A key indicator of population health, reflecting the functioning of its health system, is maternal mortality. In 2000, Afghanistan had one of the highest estimated maternal mortality ratios (MMR) in the world of 1,800 deaths per 100,000 live births [6]. An initial assessment in 2002 revealed that Afghanistan had only 467 birth attendants who identified themselves as having at least some formal midwifery training [7] for a population of around 26.8 million [8] and just 8% of women delivered with the assistance of a skilled birth attendant [5, 9]. Health facilities remained concentrated in cities, although 75-80% of the population was rural. Figure 1 shows approximately 78% of maternal deaths were from preventable causes, including obstructed labour, haemorrhage, pregnancy-induced hypertension, and sepsis [3].

Figure 1
figure 1

Causes of maternal mortality in Afghanistan (1999–2002).

The impact of maternal mortality goes beyond a woman’s death, frequently leading to higher rates of morbidity and mortality in the immediate family with the primary carer gone.
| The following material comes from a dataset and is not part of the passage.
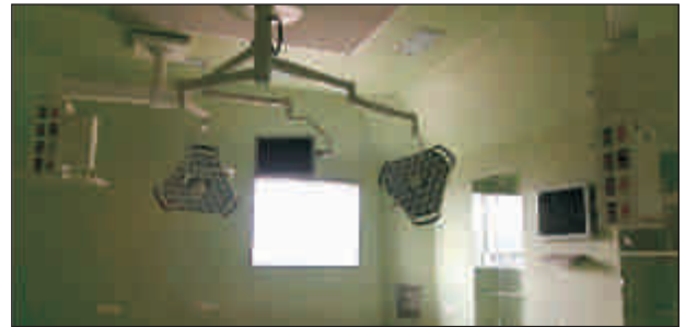
Modular OT, AIIA, Sarita Vihar, New Delhi

One study found 74% of live newborns subsequently died after their mother died in delivery or postpartum [3]. Most women had no delivery care apart from unskilled traditional birth attendants (TBAs; Table 1) and relied on traditional medicine or ‘unani tibb’[10]. Contraception was largely unavailable, leading to an estimated fertility rate of 6.9 births per woman [11].
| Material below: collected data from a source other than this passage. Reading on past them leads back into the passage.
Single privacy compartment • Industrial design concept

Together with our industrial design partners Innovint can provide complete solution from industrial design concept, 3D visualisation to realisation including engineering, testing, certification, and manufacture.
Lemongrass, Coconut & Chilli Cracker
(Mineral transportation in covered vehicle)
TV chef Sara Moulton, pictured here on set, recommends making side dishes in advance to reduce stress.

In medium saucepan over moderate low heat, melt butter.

Table 1 Birth attendance terms

Maternal health experts agree that a key factor in maternal deaths is delivery without assistance from a skilled birth attendant (SBA; Table 1) [1416]. By 2001, Afghanistan desperately needed skilled female health workers. Particularly, it needed a large number of midwives, trained to international standards and with skills to address the most common birth complications faced by Afghan women. Furthermore, midwives needed to be deployable in rural and often very remote areas where mortality rates were worst. Finally, midwives had to be accepted by communities if they were to change traditional behaviours and improve health outcomes.
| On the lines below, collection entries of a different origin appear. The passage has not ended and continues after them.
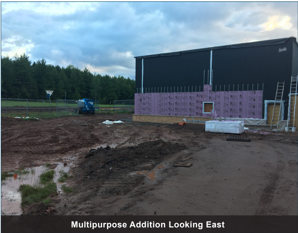
Multipurpose Addition Looking East
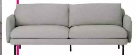
Miro three-seater sofa, £599, Made.com
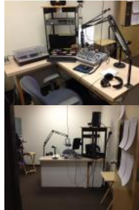
KGLP's New "Studio B", now used for recording. Eventually, we hope to fund a full-fledged on-air studio, interchangeable with "Studio A", our only current on-air studio.

"Studio B", is a simple recording room that has taken some of the pressure off of "Studio A", our on-air studio, giving staff extra work space, and allowing students in my UNMG course, "Performance for Radio and TV", to hit their marks with teleprompter and green screen
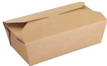
01OR2MK (Kraft) 985ML Multi-Food Box

✚ 185/167 x 103/90 x 58mm 🍷 985ml/ 34.5 UK fl.oz 📦 250
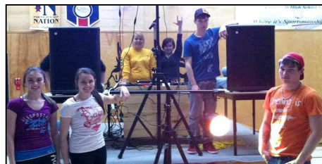
St. Lewis Academy students proudly display new sound and lighting equipment.

We were ecstatic when word was received that the IGA was granting $5,500 for
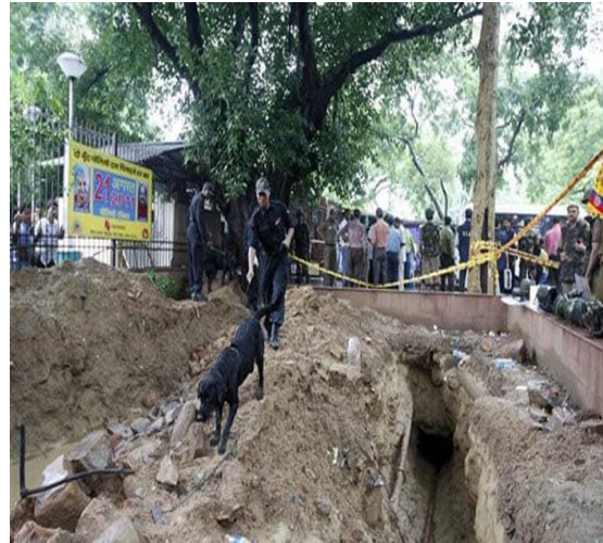
Fig 3 – Crater formed due to the explosion
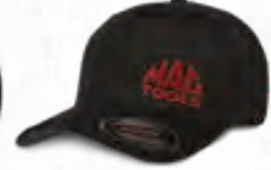
FLEXFIT® W/RED DOME LOGO • Embroidered logo • Extended sizes X0128 $39.99 S-M, L-XL, 2X

Due to these challenges, a new training programme for midwives was initiated and piloted (2002–2004) in eastern Afghanistan and scaled-up nationally in 2005. This initiative became the Community Midwifery Education (CME) programme. Its decentralised implementation made it possible for women to receive training near their own communities and subsequently return to them as trained midwives.

Analysis of policy decisions is important in Afghanistan, as there is intense political and financial pressure to see development initiatives succeed. Afghanistan is the largest recipient of international aid by some margin, and in the context of a global economic downturn, investments must be justified [17]. The aim of this study was to assess how the CME programme developed, implemented, and accepted in Afghanistan. It explores its potential impact on maternal health and more broadly as an example of female empowerment.

Methods

Policy analysis was informed by a review of published and grey literature triangulated with in-depth interviews with purposively-selected informants. Table 1 provides definitions used for midwife, skilled birth attendant, and traditional birth attendant.

Data collection

Relevant policy documents, institutional reports, guidelines, and media articles were identified through Google and Google Scholar searches (e.g. using “Afghanistan maternal health”, “Afghanistan health system”, “Afghan midwives”, “Community Midwifery Education Afghanistan” as search terms); hand searches of WHO, USAID, Jhpiego, UNICEF, and HealthNet-TPO websites; and advice from informants. Published literature was identified from PubMed and Embase database searches, using “Afghanistan maternal health”, “Maternal mortality”, “Afghanistan health system”, “Afghan midwives”, “Community Midwifery Education Afghanistan” and combinations of these search terms.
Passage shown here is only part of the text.